Derek stiffens, and I savor it for a second before trailing after her. Whatever satisfaction I feel dies the moment two Dobermans appear in the doorway of her room, standing alert. No barking, no snarling, just waiting.
“Stand down,” she tells them. They obey instantly, but not before Derek’s low snicker carries from down the hall.
“You’ve got the hounds of hell guarding your room. I like it.”
She laughs, shutting the door behind us. “Hermes and Apollo. Graduation present from my dad…when I decided to move out.”
Yeah. That tracks.
“You’d know that…if you’d kept in touch,” she teases, tossing me a wink.
“Fair.”
And then it hits me. The silence without Derek, the weight of her in front of me. She’s not the girl I left behind. And suddenly, I know why I’ve been keeping my distance. Why she’s been in my head every damn day since the hospital.
She’s beautiful, yeah. But it’s more than that. I’m seeing her in a way I never have before, and it unsettles the hell out of me.
“You promised me a clean shirt,” I say, trying to shake off the strange energy between us.
“I lied.” A beat of silence, then she laughs and steps closer. “I mean, if you soak it real good and hit it with some peroxide, you might get those stains out.”

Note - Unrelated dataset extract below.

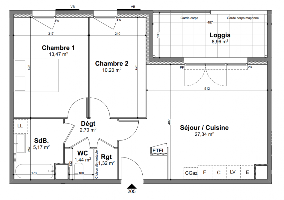 272 100€ Appt. T3 60.85m2 2ème

I cross my arms, one brow lifting. “You’re not even going to ask whose blood it is?”
She tilts her head. “Do I know them?”
“Doubtful.”
She shrugs. “Then it doesn’t matter as long as you’re the one standing here wearing their blood and not the other way around.”
If I ever doubted she was Derek Cain’s daughter…
And yet, my pulse kicks a little harder.
“That’s pretty cold, Val.”
Her smile fades. “The world is cold, Maksim. Sometimes the only way to survive is to be colder.”
“Who hurt you?” I tease.
But when she doesn’t answer right away, when her eyes slide past mine, and all traces of humor are gone, something hot stirs in my chest.
“Oh, you know, some asshole ran me over. Broke my leg.”
The lie is obvious. It’s a flimsy deflection, but I let it go. For now.
And suddenly I understand what my mother meant.
Protectiveness surges inside me, my hands restless with the urge to break someone open for hurting her.